Life along the Silk Road
In this long-awaited second edition, Susan Whitfield broadens her exploration of the Silk Road and expands her rich and varied portrait of life along the great pre-modern trade routes of Eurasia. This new edition is comprehensively updated to support further understanding of themes relevant to global and comparative history and remains the only history of the Silk Road to reconstruct the route through the personal experiences of travelers. In the first 1, 000 years after Christ, merchants, missionaries, monks, mendicants, and military men traveled the vast network of Central Asian tracks that became known as the Silk Road.

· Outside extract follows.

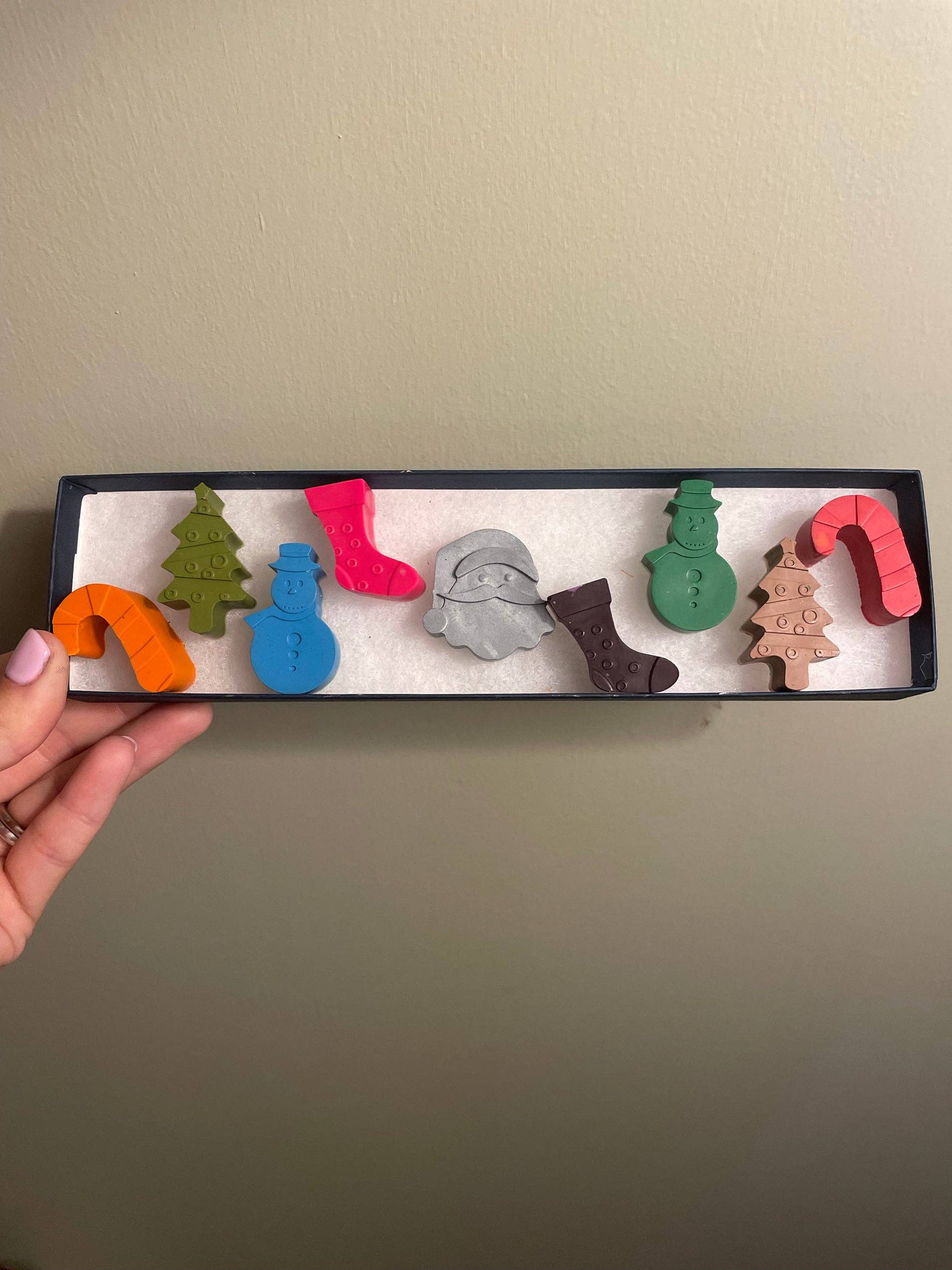 A selection of Christmas shaped, hand poured vibrant wax crayons. These crayons include shapes such as snowman, stocking, candy cane, Santa, Christmas tree, present

Whitfield recounts the lives of twelve individuals who lived at different times during this period, including two characters new to this edition: an African shipmaster and a Persian traveler and writer during the Arab caliphate. With these additional tales, Whitfield extends both geographical and chronological scope, bringing into view the maritime links across the Indian Ocean and depicting the network of north-south routes from the Baltic to the Gulf. Throughout the narrative, Whitfield conveys a strong sense of what life was like for ordinary men and women on the Silk Road, the individuals usually forgotten to history. A work of great scholarship, Life along the Silk Road continues to be both accessible and entertaining.